Single by Thomas Rhett

from the album It Goes Like This
- Released: August 4, 2014
- Recorded: 2012–13
- Genre: Country pop
- Length: 3:46
- Label: Valory
- Songwriters: Thomas Rhett; Bart Butler; Larry McCoy;
- Producer: Jay Joyce

Thomas Rhett singles chronology
| "Small Town Throwdown" (2014) | "Make Me Wanna" (2014) | "Crash and Burn" (2015) |

= Make Me Wanna =

"Make Me Wanna" is a song co-written and recorded by the American country music singer Thomas Rhett. It was released in August 2014 as the fifth single from his first album, It Goes Like This. The song was written by Rhett, Bart Butler and Larry McCoy.

==Content==
The song is mid-tempo with "high-toned guitars and a slowly building chorus" and a "sensitive and sexy delivery" about a man expressing his feelings to his lover. Rhett describes the song as having a Bee Gees sound.

==Critical reception==
The song has mostly been met with a positive reception, mainly for its disco influences. Bob Paxman of Country Weekly rated the single "B+", comparing its sound to "the candy coated days of Air Supply and Andy Gibb". He thought that it was "sure to nestle easily with the female audience" and was "pleasant, if not exactly outstanding", and criticized the "references to tailgating and trucks". Writing for Taste of Country, Carrie Horton wrote, "But while the lyrics may sound a bit too much like what’s already out there, the melody makes up for it ten times over. The Bee Gees-inspired tune features staccato drum and piano undertones that echo famous disco hits like ‘Stayin' Alive,’ but with a perfect blend of twangy guitars to keep the song’s sound just true enough for any pure country fan." Liv Carter of Little Rebellion gave the song two thumbs down, criticizing the production and unoriginality of the lyric. She summarized her review by writing, "This is an uncreative lyric inexplicably paired with 1970s pop. Which means it will probably be a big hit."

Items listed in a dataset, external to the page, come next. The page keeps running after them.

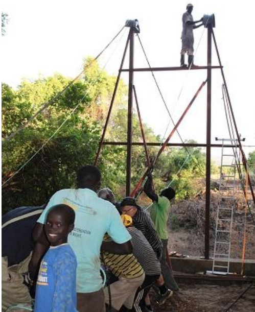
Cabel no 2 has to come NOW! Papa watching at the top, ready to fix the cable to the ½ Rim. Litte by little we managed to realist the vision SAFETY FIRST!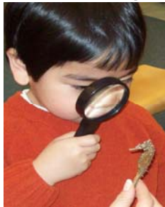
"Wow, a sea horse!"

SCIENCE Sea animals have captured the imagination of the Stars. We were able to explore a variety of sea creatures including a live hermit crab. Children want to learn through observation and investigation. They can share what they discover. Most importantly, it is active learning. Our goal is to foster scientific thinking.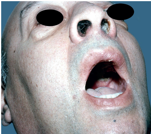
FIGURE 5: Ulceration of the soft palate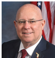
REP. SAM KILLEBREW Florida House of Representatives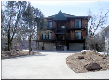
A new infill project caused concern among residents about its appropriateness in the neighborhood.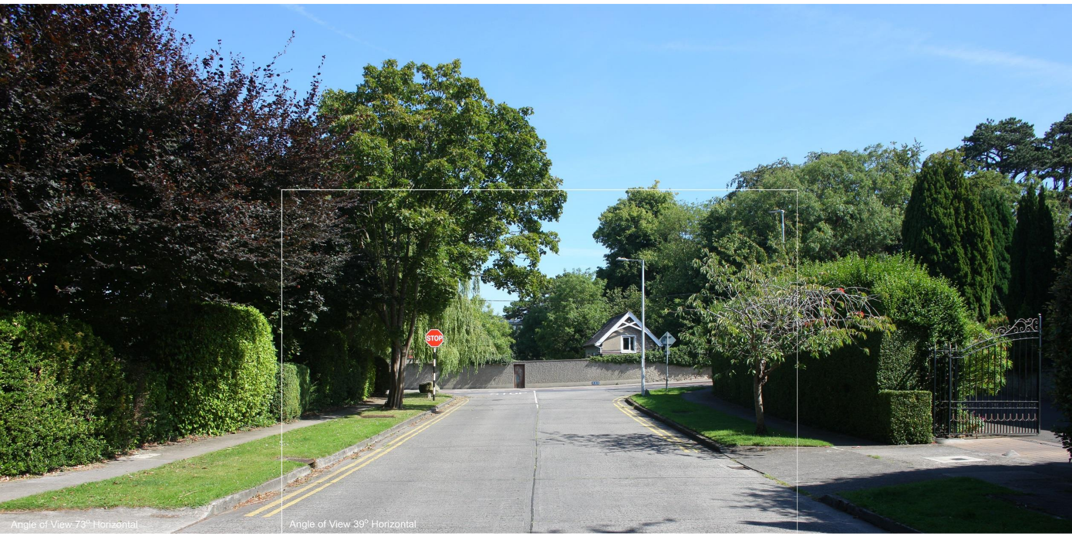
Angle of View 73° Horizontal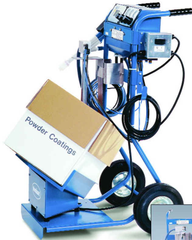
(above) The Nordson box feeder system pumps powder directly from shipping containers for faster replacement or color change.

The Nordson box feeder system is ideal for all coating operations, especially those requiring frequent color changes, and can be used with cartons from 25- to 55-pound (11- to 25-kg) capacity. It is designed for use with all Nordson spray gun and control units.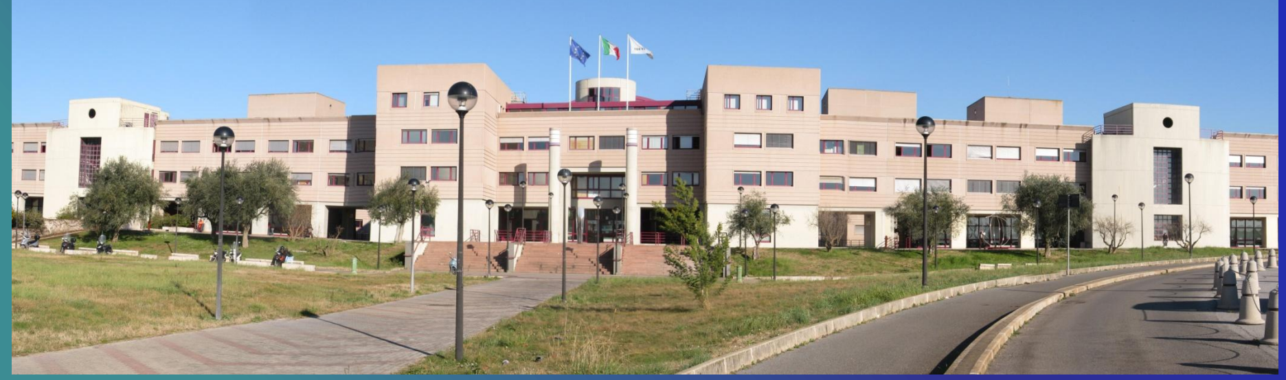
Master's degree in Medicine and Surgery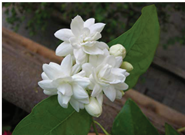
Fig. 15.41 Jasmine

Mogra, Jai, Jui, Chameli are the Important types they are particularly grown for their scented loose flowers Parimullai and Co-2 (Jui) CO-1 (Chameli) Gundumalli, Ramban, Madanban (Mogra)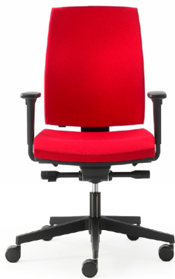
KINETIC High back with arms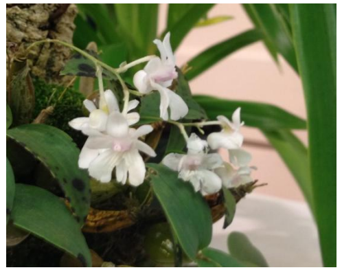
Dendrobium aberrans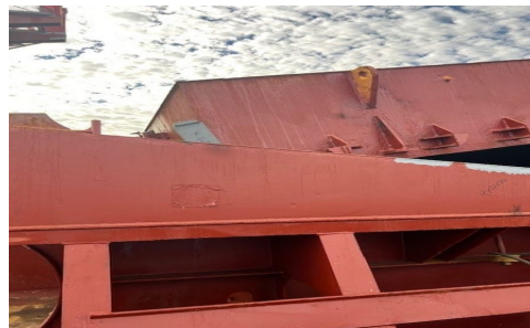
Securing pin not in place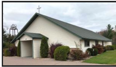
ST. MICHAEL CHAPEL- Chute Pond

Mass Times: Sunday, 8:45 AM Wednesday, 8:30 AM 2nd & 4th Fri., 8:30 AM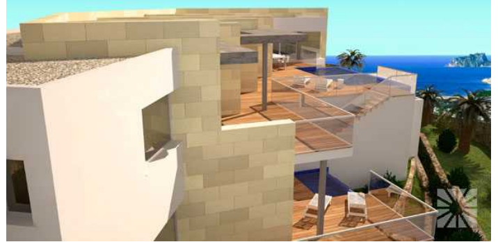
Views to the Mediterranean Sea from luxury Villa Cala Moraig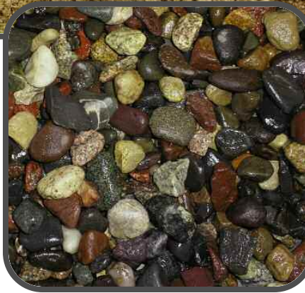
Exceptionally clean, round rock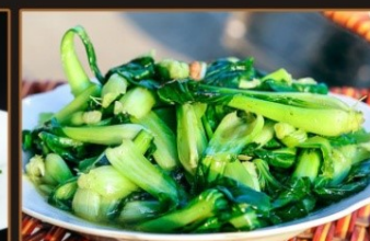
🌿 K017 🌿 Pak Choi 小棠菜 9.50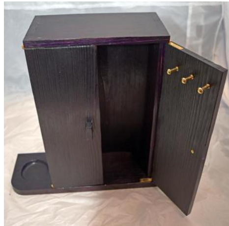
Necklace Case - Zach Belzer Pine - Sugi-Ban-Pigmented Shellac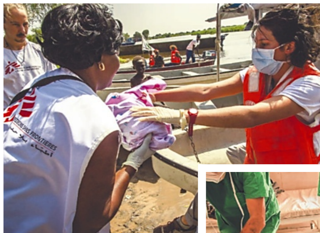
in Old Fangak, South Sudan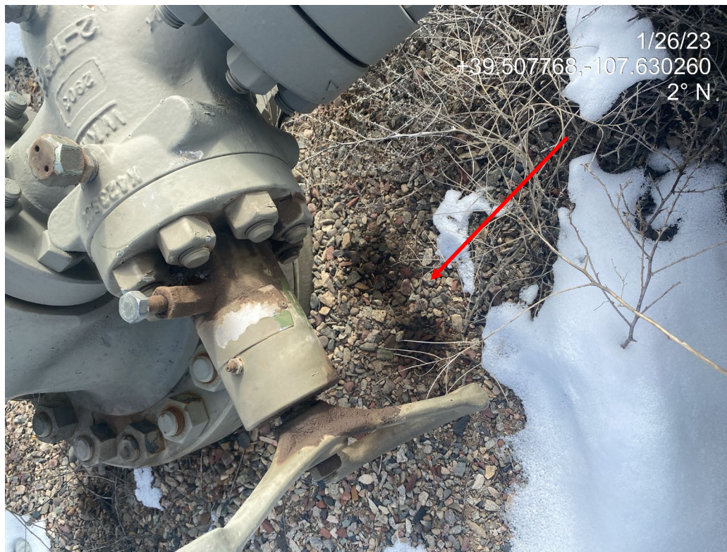
Photo 4. Photos show staining at wellheads.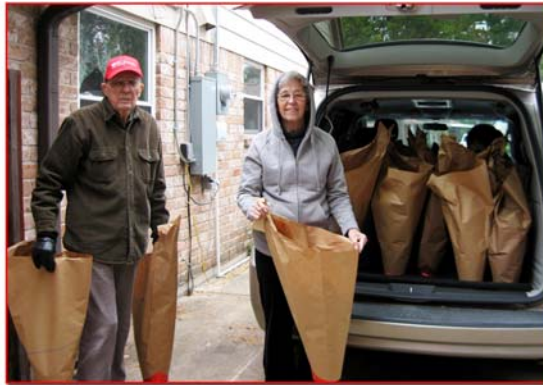
The Mohels load up their van with an order of 36 plants to deliver.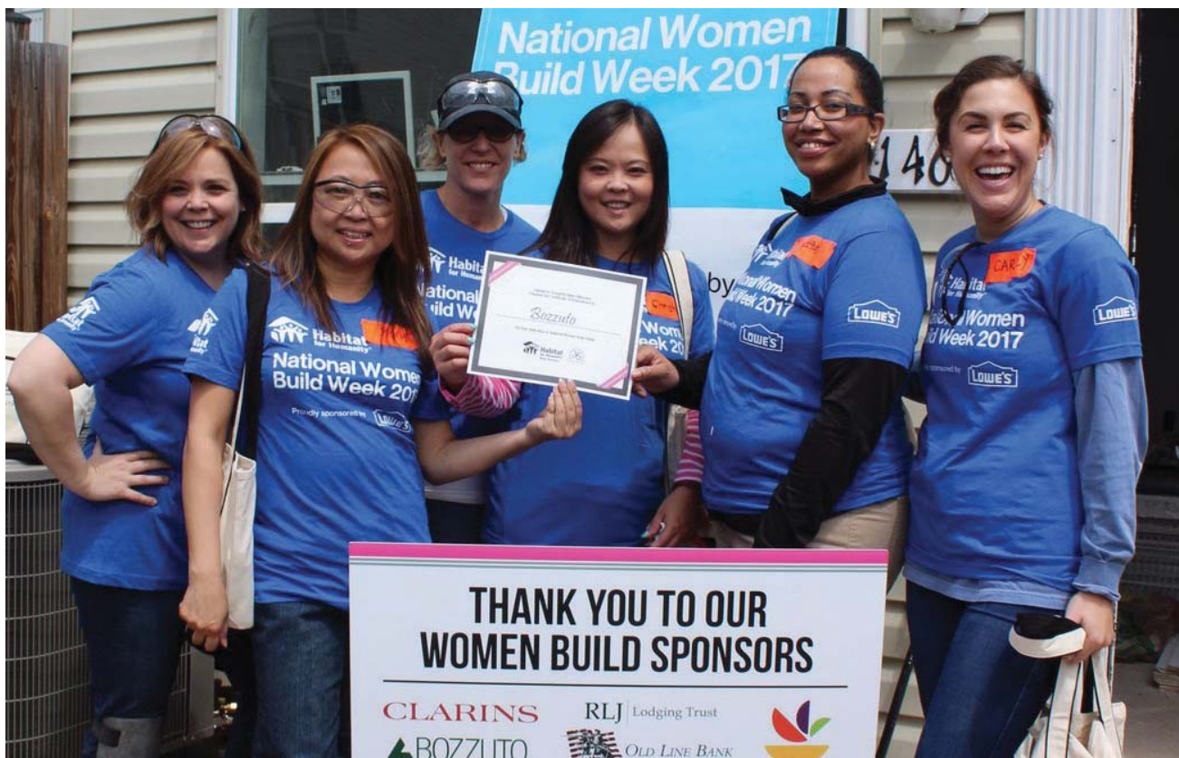
Women of Bozzuto Construction Company volunteer at National Women Build Week 2017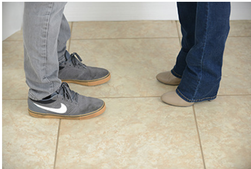
Feet telegraphing a private conversation.

If you see two people who are facing each other—each with their feet pointing toward the other person—they are telegraphing the message that their conversation is private. Stay away. They do not want outsiders to interrupt. On the other hand, if two people are facing each other with their feet askew, this leaves an “opening” and sends the message that they are willing to admit a new person to their group.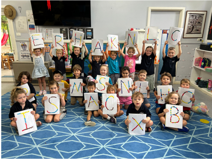
Learning the first letters of our name and practising fine motor skills with dot stickers.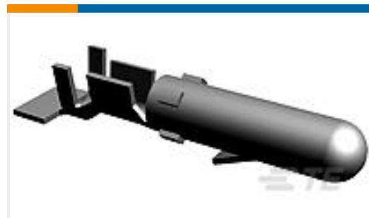
TE Part #61086-1 .156 MNL PIN 20-14 PTPBR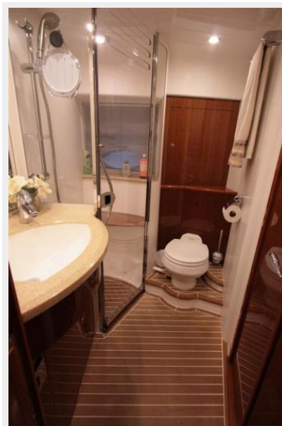
VIP Ensuite Head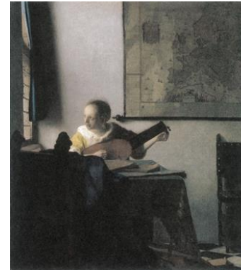
The Woman with a Lute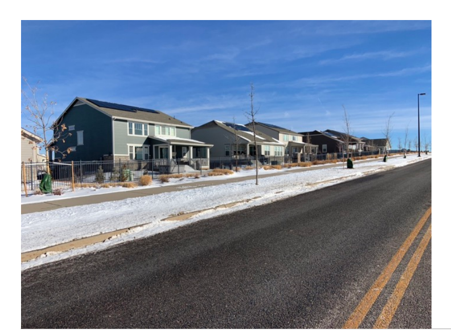
Item 3 Additional grasses that have already been cut

==Commercial performance==
The song entered the Country Airplay chart at No. 51 for the chart dated August 16, 2014, and the Hot Country Songs at No. 48 on September 13, 2014. It entered the Hot 100 chart at No. 99 for the chart dated November 29, 2014. It reached No. 1 on the Country Airplay chart on March 7, 2015, his third No. 1 from his debut album. It is also Thomas' first #1 hit that he co-wrote. It peaked at No. 2 on the Hot Country Songs and No. 43 on the Billboard Hot 100 for the charts dated February 28, 2015.

The song was certified three-times Platinum by the RIAA on July 21, 2025. It has sold 596,000 copies in the US as of April 2015.

==Music video==
The music video was directed by TK McKamy and premiered in October 2014. The video uses the single version which has re-recorded vocals than the album version. However, on the second verse, it switches to a hip-hop style beat.

==Charts and certifications==

=== Weekly charts ===

| Chart (2014–2015) | Peak position |
|---|---|
| Canada Hot 100 (Billboard) | 74 |
| Canada Country (Billboard) | 11 |
| US Billboard Hot 100 | 43 |
| US Country Airplay (Billboard) | 1 |
| US Hot Country Songs (Billboard) | 2 |

===Year-end charts===

| Chart (2014) | Position |
|---|---|
| US Country Airplay (Billboard) | 95 |
| US Hot Country Songs (Billboard) | 100 |

| Chart (2015) | Position |
|---|---|
| US Country Airplay (Billboard) | 33 |
| US Hot Country Songs (Billboard) | 52 |

===Certifications===

| Region | Certification | Certified units/sales |
| United States (RIAA) | 3× Platinum | 3,000,000^{‡} |
^{‡} Sales+streaming figures based on certification alone.